[Start of Attachment]
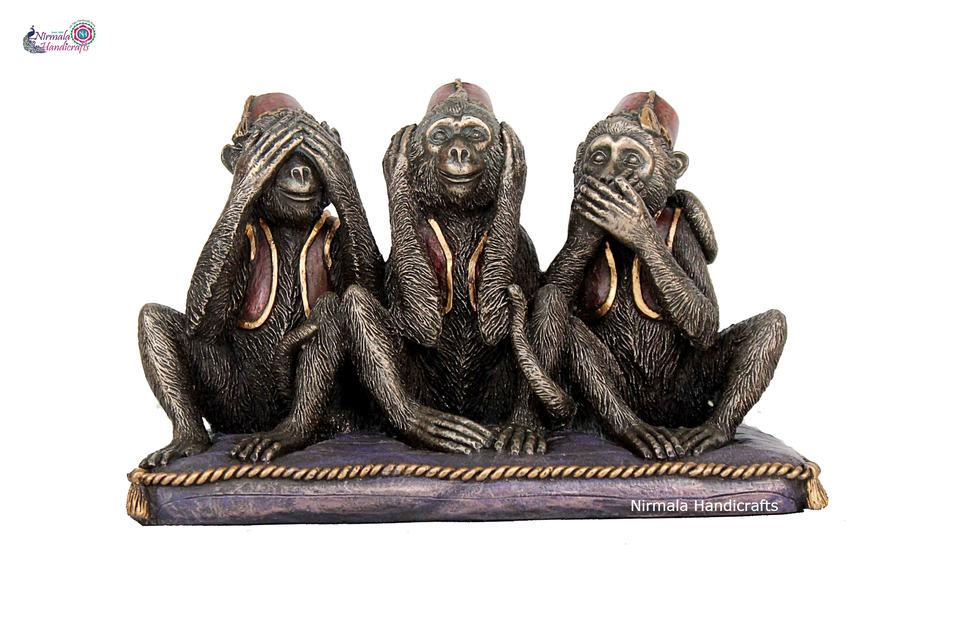 งานฝีมือนิรมลา รูปปั้นลิงสามตัวทำจากเรซิ่นโพลี รูปปั้นพระมหารมณฑ์กันธี ทำด้วยมือในรัฐราชสถาน ของขวัญสำหรับเทศกาลดีวาลี วันเกิด หรืองานแต่งงาน
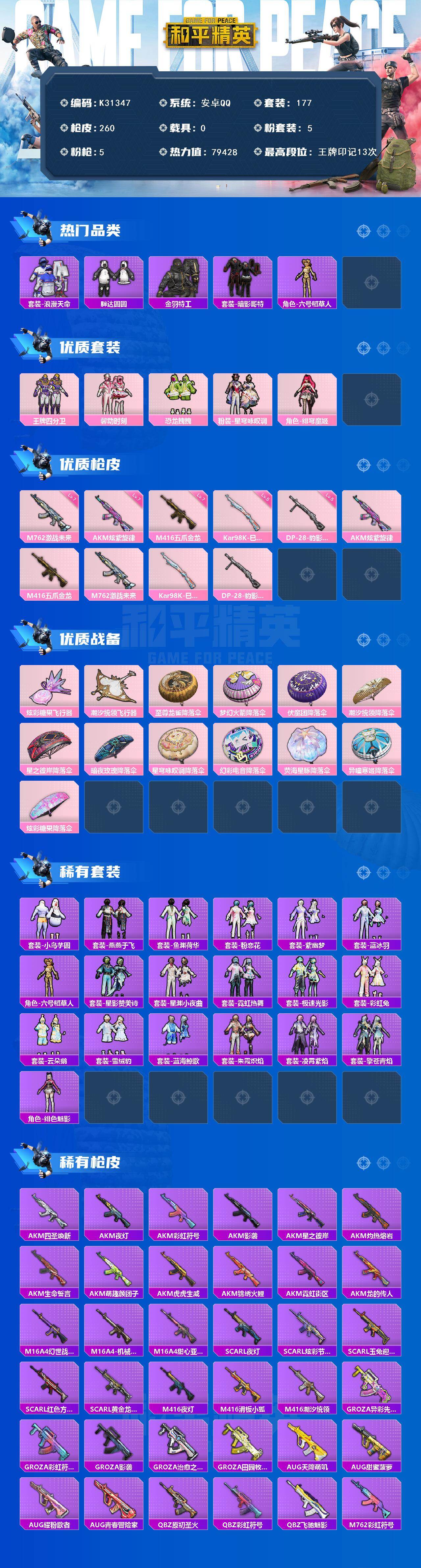安卓 手Q-5粉装-5特效枪-0载具-2粉色飞行器-79428热力值-13王牌印记-177套装-260枪皮
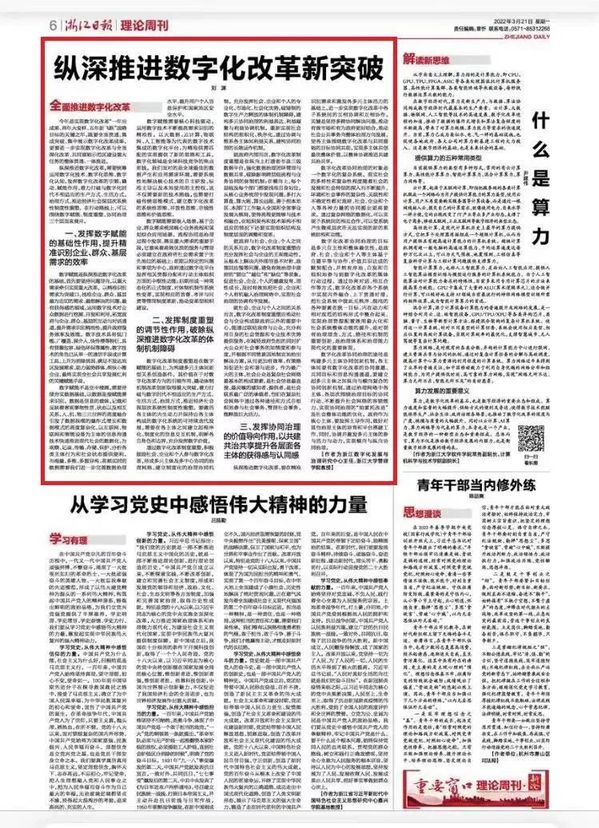 (本文首发于2022年3月21日《浙江日报》理论周刊,原标题《纵深推进数字化改革新突破》,作者系韦德官方站网页版教授、浙江数字化发展与治理研究中心主任刘渊。)
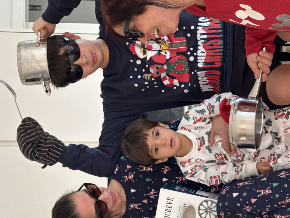 An indoor scene in Junglinster, Luxembourg, depicts four individuals posing in what appears to be a casual, festive setting. On the far left, an adult female with dark hair and dark sunglasses wears a dark blue long-sleeved top patterned with white Christmas figures. She holds a white box, partially labeled "ROCREVE," and looks down with a slight smile. To her right, a young boy with brown hair, wearing a white full-body pajama set patterned with red Santa Clauses and green Christmas trees, sits upright. He looks directly forward with a neutral expression. Behind the young boy and to the right, a teenage male with dark hair and dark sunglasses wears a dark blue long-sleeved "Merry Christmas" sweater featuring stylized Santa Claus and reindeer figures. He has a silver metal cooking pot positioned on his head. His left arm is raised, adorned with a striped brown and white oven mitt, holding a long, silver metal serving spoon upwards. His right hand is obscured, possibly resting on another individual. On the far right, an adult female with reddish-brown hair and dark sunglasses wears a red long-sleeved top, partially visible with a white Mickey Mouse outline. She smiles broadly while looking towards the left. Her left hand holds a small, silver metal saucepan that contains a small red fabric object, possibly a miniature Santa hat. The background consists of a plain, light-colored wall. The overall lighting is bright and uniform.
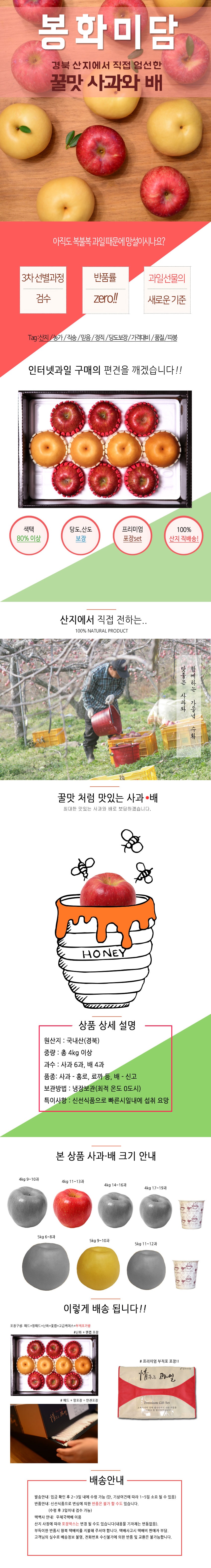 | 판매단위 | 4kg내외(사과6과, 배4과)+부직포가방 |
[End of Attachment]
Exercise instructions:
Before duplicating the entries above, strip out the pictures and keep the rest exact.

Answer to the problem:
 งานฝีมือนิรมลา รูปปั้นลิงสามตัวทำจากเรซิ่นโพลี รูปปั้นพระมหารมณฑ์กันธี ทำด้วยมือในรัฐราชสถาน ของขวัญสำหรับเทศกาลดีวาลี วันเกิด หรืองานแต่งงาน
安卓 手Q-5粉装-5特效枪-0载具-2粉色飞行器-79428热力值-13王牌印记-177套装-260枪皮
 (本文首发于2022年3月21日《浙江日报》理论周刊,原标题《纵深推进数字化改革新突破》,作者系韦德官方站网页版教授、浙江数字化发展与治理研究中心主任刘渊。)
 An indoor scene in Junglinster, Luxembourg, depicts four individuals posing in what appears to be a casual, festive setting. On the far left, an adult female with dark hair and dark sunglasses wears a dark blue long-sleeved top patterned with white Christmas figures. She holds a white box, partially labeled "ROCREVE," and looks down with a slight smile. To her right, a young boy with brown hair, wearing a white full-body pajama set patterned with red Santa Clauses and green Christmas trees, sits upright. He looks directly forward with a neutral expression. Behind the young boy and to the right, a teenage male with dark hair and dark sunglasses wears a dark blue long-sleeved "Merry Christmas" sweater featuring stylized Santa Claus and reindeer figures. He has a silver metal cooking pot positioned on his head. His left arm is raised, adorned with a striped brown and white oven mitt, holding a long, silver metal serving spoon upwards. His right hand is obscured, possibly resting on another individual. On the far right, an adult female with reddish-brown hair and dark sunglasses wears a red long-sleeved top, partially visible with a white Mickey Mouse outline. She smiles broadly while looking towards the left. Her left hand holds a small, silver metal saucepan that contains a small red fabric object, possibly a miniature Santa hat. The background consists of a plain, light-colored wall. The overall lighting is bright and uniform.
 | 판매단위 | 4kg내외(사과6과, 배4과)+부직포가방 |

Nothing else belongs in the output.